• _TRY IT_
Everything from the line with "Identify the hats" down to the line with "تألقي بإطلالة تخطف" below must be printed exactly, those two lines included. Exclude pictures.

• _DATA RECORDS_
════════════════

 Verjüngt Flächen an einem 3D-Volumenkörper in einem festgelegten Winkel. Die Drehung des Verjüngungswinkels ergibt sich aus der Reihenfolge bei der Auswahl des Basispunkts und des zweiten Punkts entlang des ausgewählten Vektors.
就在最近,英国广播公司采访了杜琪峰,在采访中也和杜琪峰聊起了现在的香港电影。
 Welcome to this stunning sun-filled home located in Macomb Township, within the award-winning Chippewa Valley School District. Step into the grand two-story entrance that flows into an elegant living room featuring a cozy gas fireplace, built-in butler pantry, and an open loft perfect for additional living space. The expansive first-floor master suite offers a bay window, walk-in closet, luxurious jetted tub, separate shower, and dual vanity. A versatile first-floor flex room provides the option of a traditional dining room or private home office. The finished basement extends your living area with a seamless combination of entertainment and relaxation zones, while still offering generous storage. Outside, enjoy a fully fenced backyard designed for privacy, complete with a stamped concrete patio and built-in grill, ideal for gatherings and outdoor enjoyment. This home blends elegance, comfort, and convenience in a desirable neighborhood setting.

════════════════

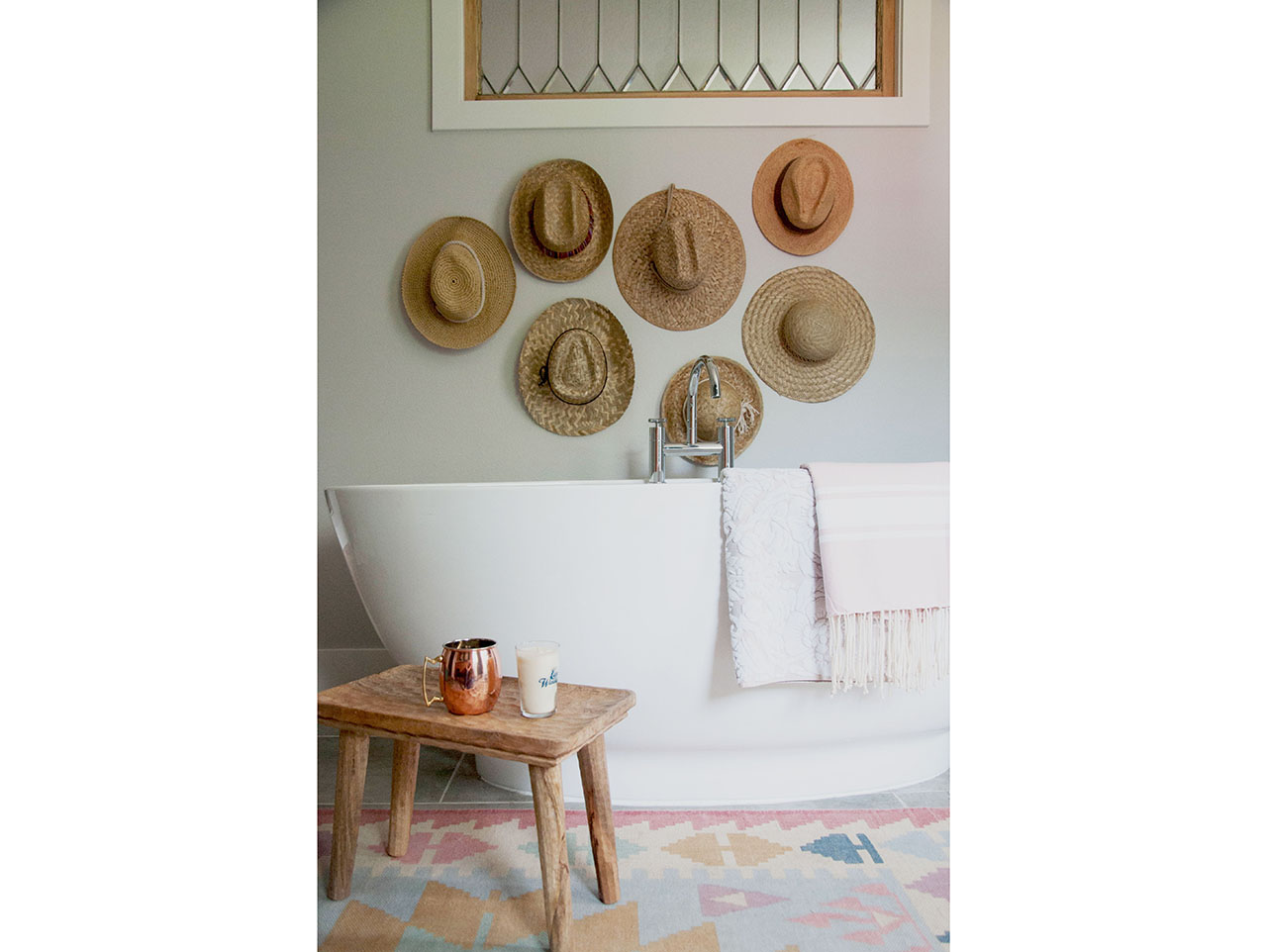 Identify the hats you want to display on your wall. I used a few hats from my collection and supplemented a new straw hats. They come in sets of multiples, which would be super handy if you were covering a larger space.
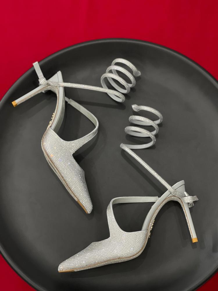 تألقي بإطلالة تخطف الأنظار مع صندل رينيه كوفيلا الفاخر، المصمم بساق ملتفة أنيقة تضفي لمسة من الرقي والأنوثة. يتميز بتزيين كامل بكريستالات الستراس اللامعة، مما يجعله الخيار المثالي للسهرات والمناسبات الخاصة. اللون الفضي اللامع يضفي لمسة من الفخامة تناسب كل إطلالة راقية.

════════════════

• _SOLUTION TO THE PROBLEM_
 Identify the hats you want to display on your wall. I used a few hats from my collection and supplemented a new straw hats. They come in sets of multiples, which would be super handy if you were covering a larger space.
 تألقي بإطلالة تخطف الأنظار مع صندل رينيه كوفيلا الفاخر، المصمم بساق ملتفة أنيقة تضفي لمسة من الرقي والأنوثة. يتميز بتزيين كامل بكريستالات الستراس اللامعة، مما يجعله الخيار المثالي للسهرات والمناسبات الخاصة. اللون الفضي اللامع يضفي لمسة من الفخامة تناسب كل إطلالة راقية.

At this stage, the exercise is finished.